[Dataset entries]
********************

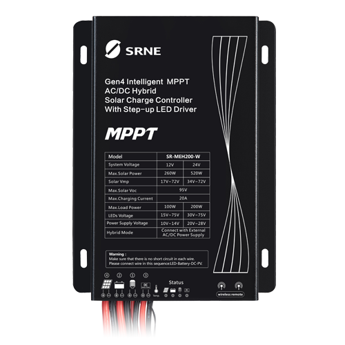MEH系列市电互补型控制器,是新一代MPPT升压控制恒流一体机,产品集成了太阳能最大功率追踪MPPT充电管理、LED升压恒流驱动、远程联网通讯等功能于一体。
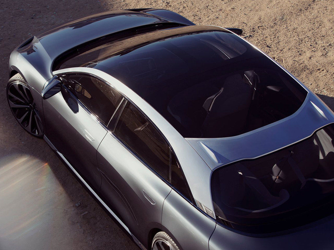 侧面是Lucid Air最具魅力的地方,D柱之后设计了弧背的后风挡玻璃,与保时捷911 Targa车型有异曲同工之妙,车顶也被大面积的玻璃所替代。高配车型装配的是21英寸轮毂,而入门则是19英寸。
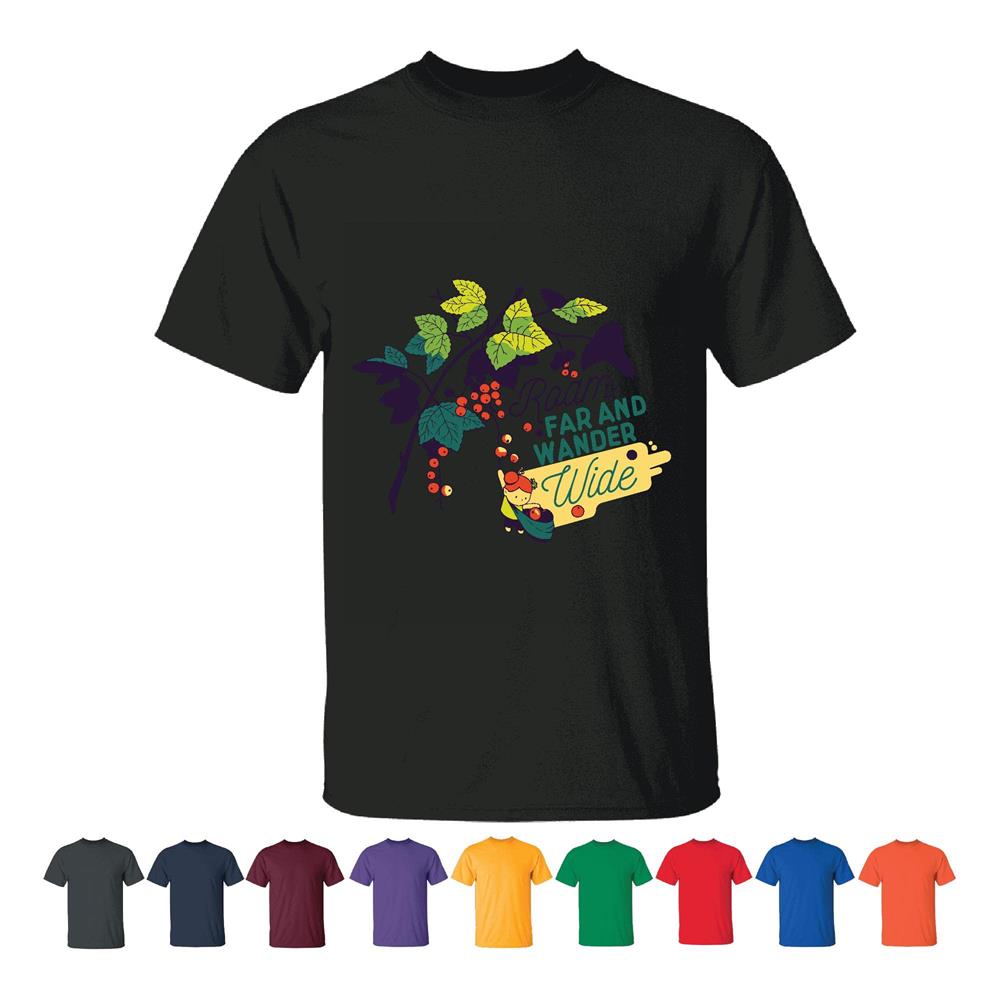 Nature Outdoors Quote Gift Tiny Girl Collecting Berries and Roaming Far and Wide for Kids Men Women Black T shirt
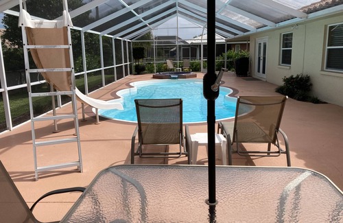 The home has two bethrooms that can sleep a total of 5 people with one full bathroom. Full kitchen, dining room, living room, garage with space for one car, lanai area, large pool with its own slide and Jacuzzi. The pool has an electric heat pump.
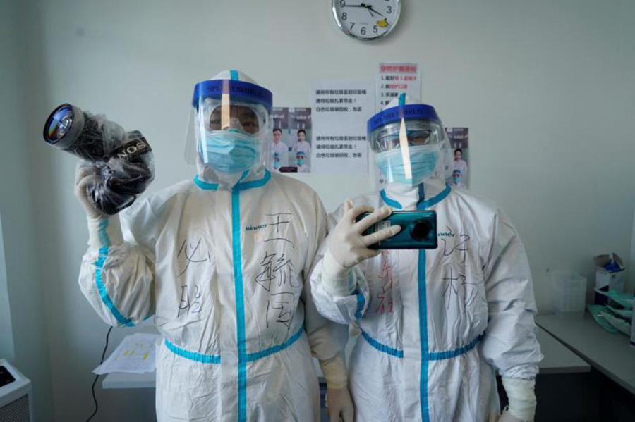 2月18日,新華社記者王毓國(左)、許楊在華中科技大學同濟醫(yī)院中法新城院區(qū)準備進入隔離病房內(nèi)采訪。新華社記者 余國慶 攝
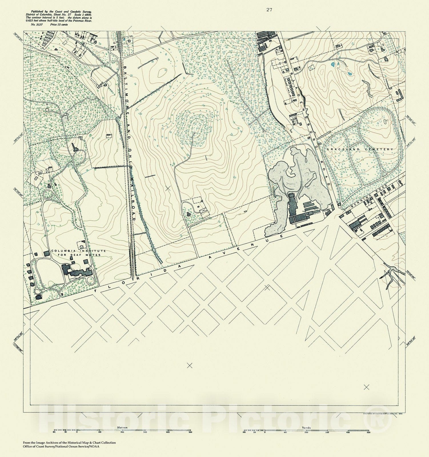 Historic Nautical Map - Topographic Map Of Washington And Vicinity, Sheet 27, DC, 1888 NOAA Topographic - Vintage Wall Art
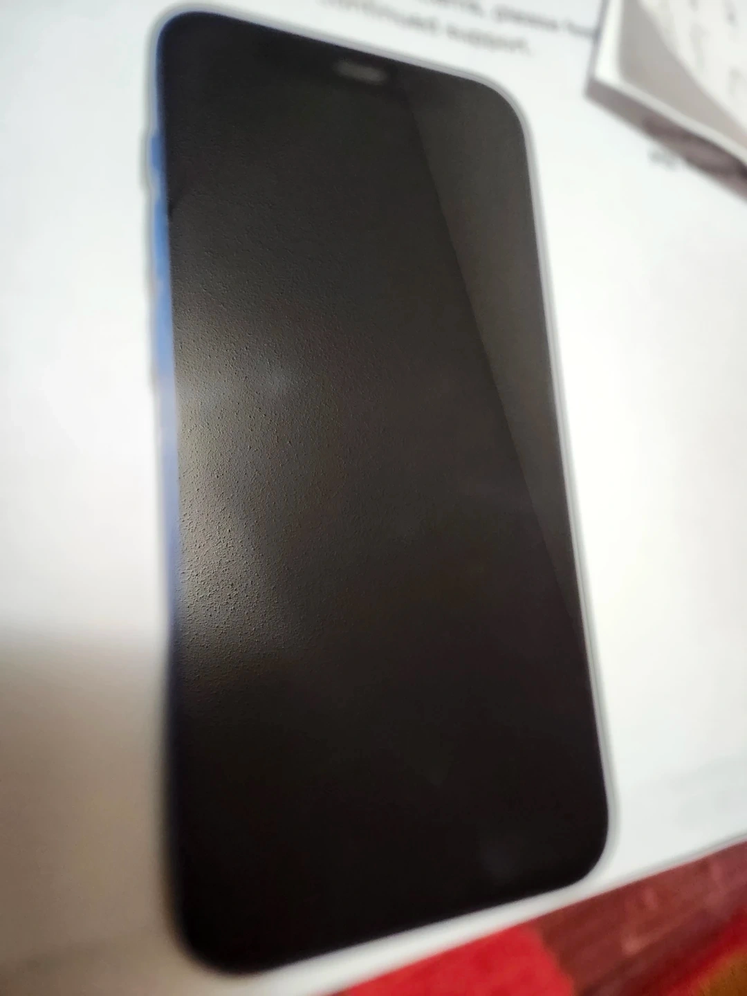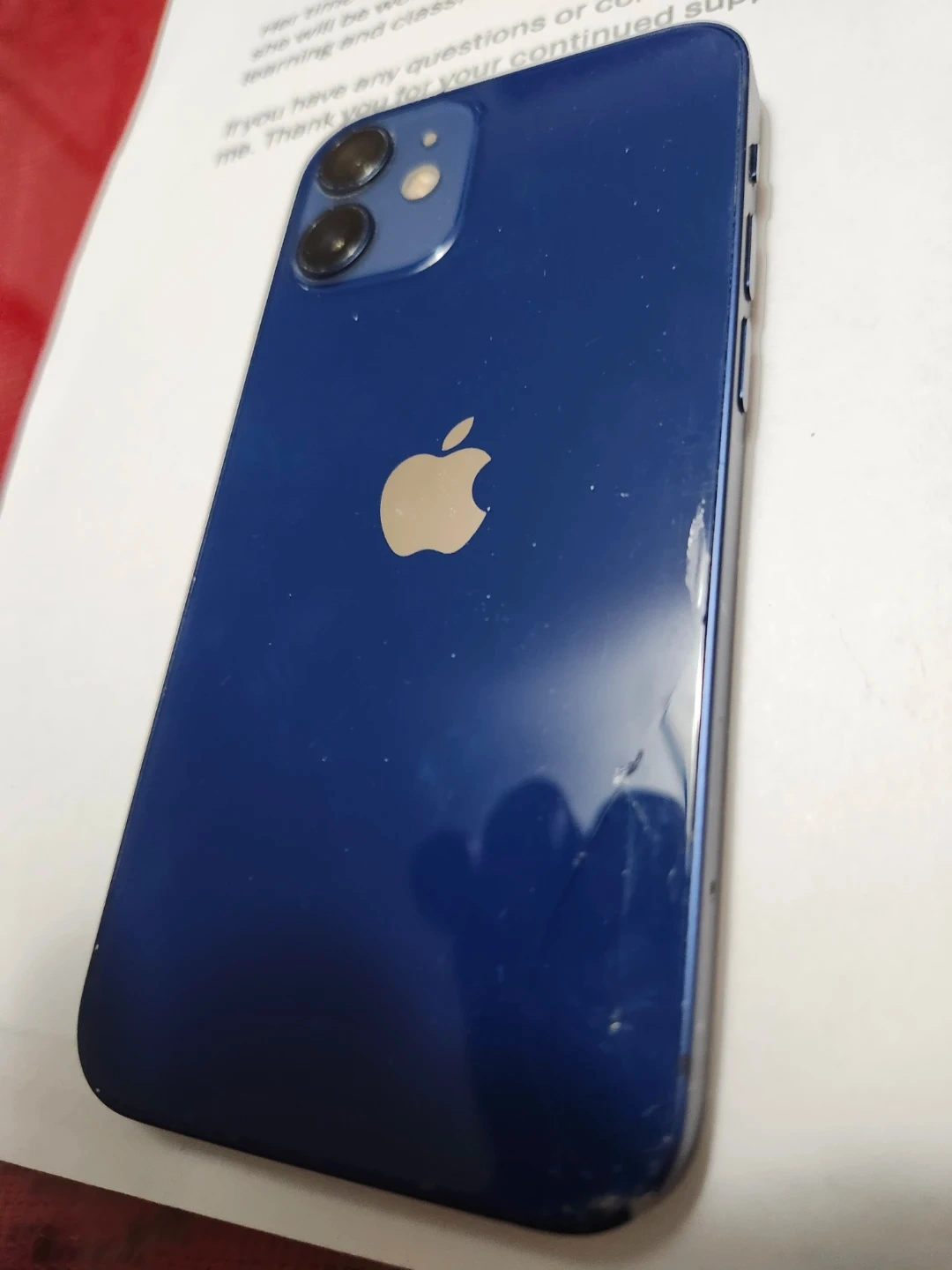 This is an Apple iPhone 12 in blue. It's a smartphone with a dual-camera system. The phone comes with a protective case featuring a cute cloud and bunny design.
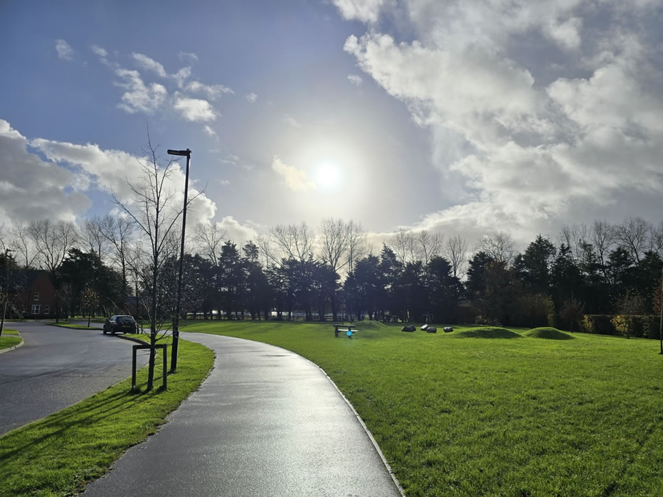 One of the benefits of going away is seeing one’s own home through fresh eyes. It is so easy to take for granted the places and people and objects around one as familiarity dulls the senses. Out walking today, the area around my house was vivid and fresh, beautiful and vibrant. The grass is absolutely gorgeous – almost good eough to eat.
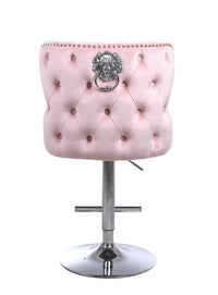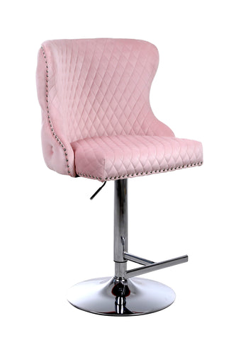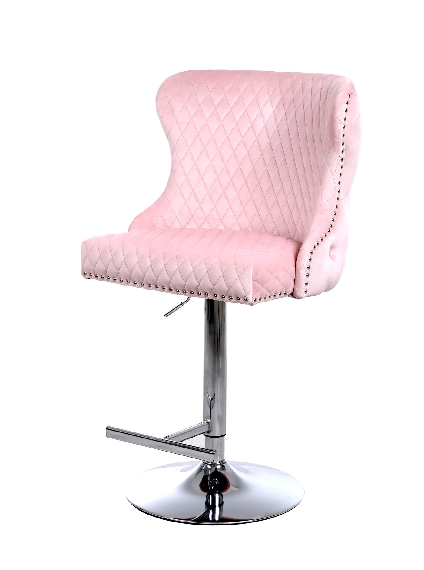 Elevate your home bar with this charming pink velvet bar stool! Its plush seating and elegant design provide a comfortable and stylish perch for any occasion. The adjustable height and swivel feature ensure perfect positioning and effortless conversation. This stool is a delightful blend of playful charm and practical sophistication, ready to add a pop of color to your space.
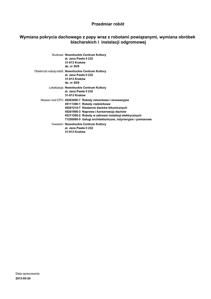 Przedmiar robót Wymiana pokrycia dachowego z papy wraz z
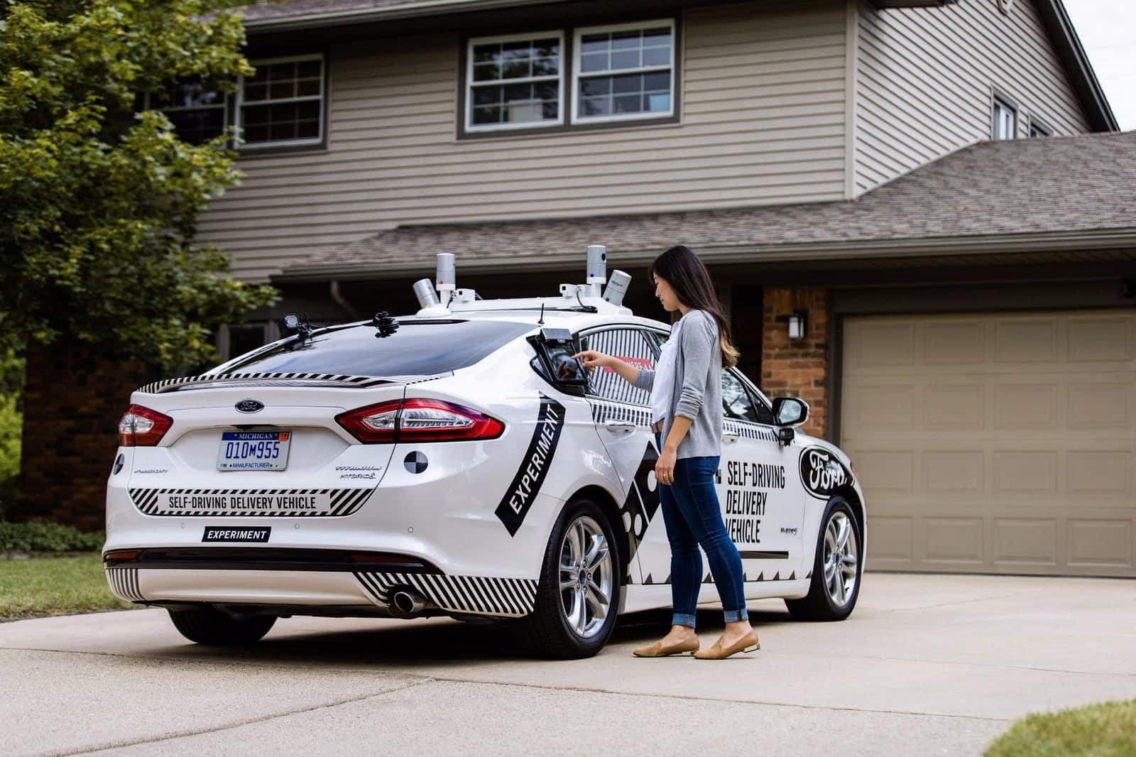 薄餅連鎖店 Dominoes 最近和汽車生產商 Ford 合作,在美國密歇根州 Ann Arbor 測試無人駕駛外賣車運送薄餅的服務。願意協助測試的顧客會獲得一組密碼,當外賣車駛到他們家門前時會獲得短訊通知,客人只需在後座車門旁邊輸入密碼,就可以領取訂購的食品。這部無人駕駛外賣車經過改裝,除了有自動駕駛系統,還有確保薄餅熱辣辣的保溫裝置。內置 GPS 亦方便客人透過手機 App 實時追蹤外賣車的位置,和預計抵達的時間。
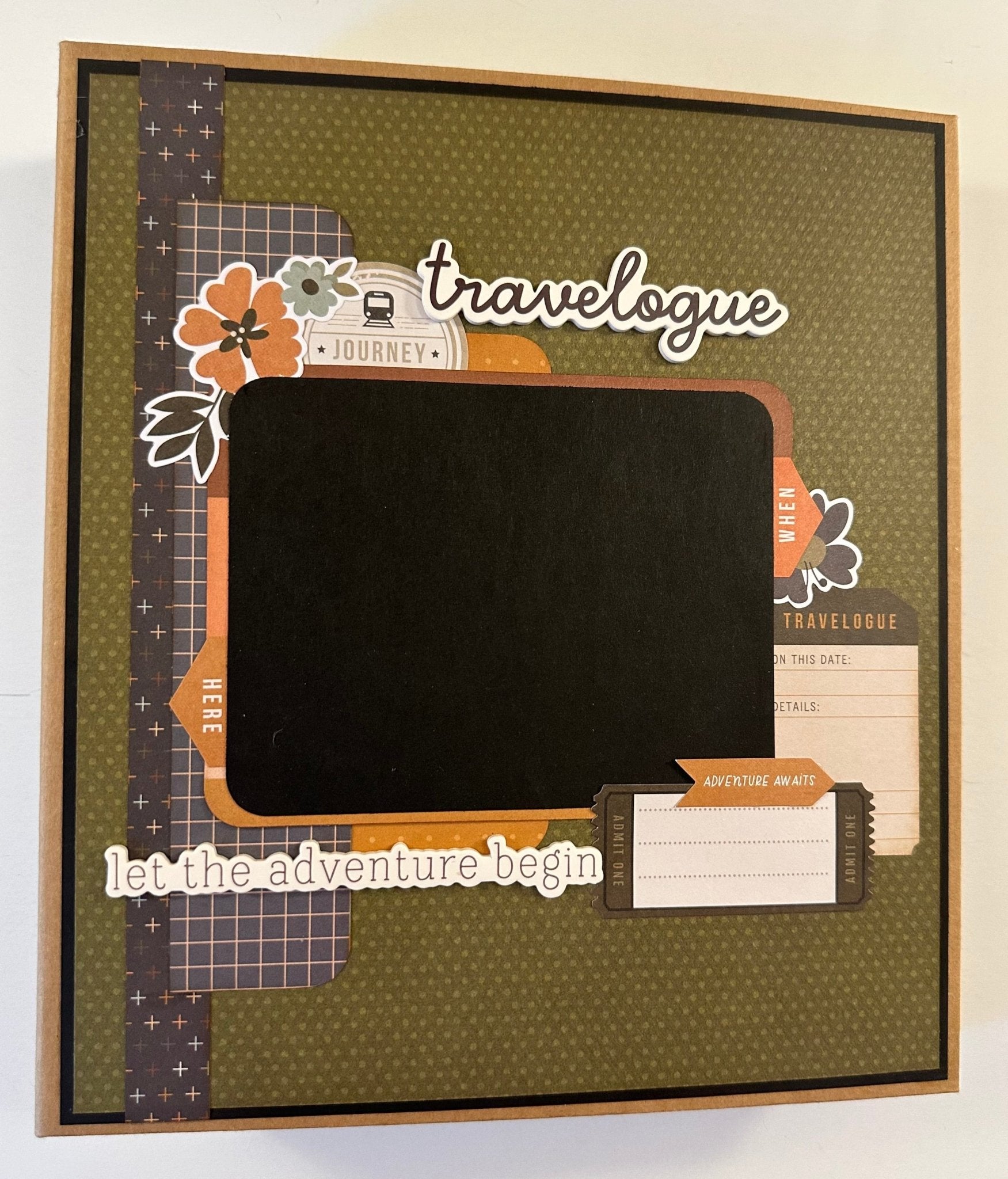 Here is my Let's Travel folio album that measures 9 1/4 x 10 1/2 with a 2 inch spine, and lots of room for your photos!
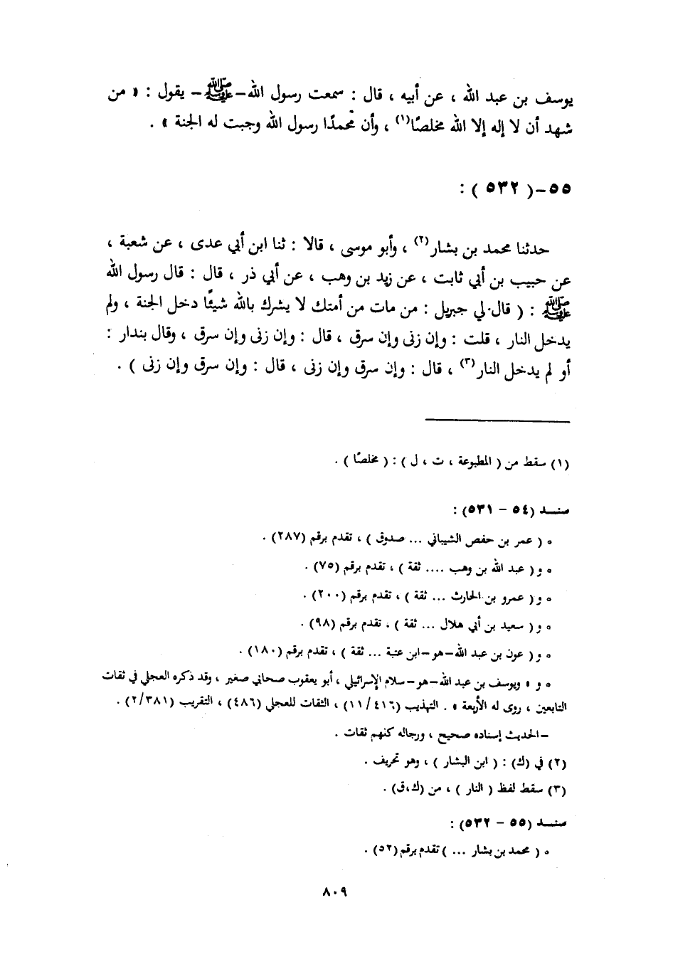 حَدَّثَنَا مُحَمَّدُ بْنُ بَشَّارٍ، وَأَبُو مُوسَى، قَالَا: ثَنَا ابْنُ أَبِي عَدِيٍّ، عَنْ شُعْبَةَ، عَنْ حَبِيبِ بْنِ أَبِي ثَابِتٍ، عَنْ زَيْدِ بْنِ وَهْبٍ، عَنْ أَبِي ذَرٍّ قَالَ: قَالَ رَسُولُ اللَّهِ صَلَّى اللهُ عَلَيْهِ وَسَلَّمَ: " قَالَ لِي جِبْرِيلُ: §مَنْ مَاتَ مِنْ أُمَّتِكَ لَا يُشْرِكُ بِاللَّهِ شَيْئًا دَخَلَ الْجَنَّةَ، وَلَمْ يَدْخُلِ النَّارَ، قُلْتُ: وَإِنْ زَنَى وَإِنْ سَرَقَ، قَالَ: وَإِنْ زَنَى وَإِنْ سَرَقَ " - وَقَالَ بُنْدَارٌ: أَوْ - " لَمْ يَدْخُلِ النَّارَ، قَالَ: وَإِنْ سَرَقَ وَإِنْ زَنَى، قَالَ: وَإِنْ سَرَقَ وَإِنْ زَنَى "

********************

** Prompt **
When you reach the line that has "Historic Nautical Map" in the data above, start repeating lines exactly, and stop after the line that has "Here is my Let's"; pictures stay out.

** Output **
 Historic Nautical Map - Topographic Map Of Washington And Vicinity, Sheet 27, DC, 1888 NOAA Topographic - Vintage Wall Art
 This is an Apple iPhone 12 in blue. It's a smartphone with a dual-camera system. The phone comes with a protective case featuring a cute cloud and bunny design.
 One of the benefits of going away is seeing one’s own home through fresh eyes. It is so easy to take for granted the places and people and objects around one as familiarity dulls the senses. Out walking today, the area around my house was vivid and fresh, beautiful and vibrant. The grass is absolutely gorgeous – almost good eough to eat.
 Elevate your home bar with this charming pink velvet bar stool! Its plush seating and elegant design provide a comfortable and stylish perch for any occasion. The adjustable height and swivel feature ensure perfect positioning and effortless conversation. This stool is a delightful blend of playful charm and practical sophistication, ready to add a pop of color to your space.
 Przedmiar robót Wymiana pokrycia dachowego z papy wraz z
 薄餅連鎖店 Dominoes 最近和汽車生產商 Ford 合作,在美國密歇根州 Ann Arbor 測試無人駕駛外賣車運送薄餅的服務。願意協助測試的顧客會獲得一組密碼,當外賣車駛到他們家門前時會獲得短訊通知,客人只需在後座車門旁邊輸入密碼,就可以領取訂購的食品。這部無人駕駛外賣車經過改裝,除了有自動駕駛系統,還有確保薄餅熱辣辣的保溫裝置。內置 GPS 亦方便客人透過手機 App 實時追蹤外賣車的位置,和預計抵達的時間。
 Here is my Let's Travel folio album that measures 9 1/4 x 10 1/2 with a 2 inch spine, and lots of room for your photos!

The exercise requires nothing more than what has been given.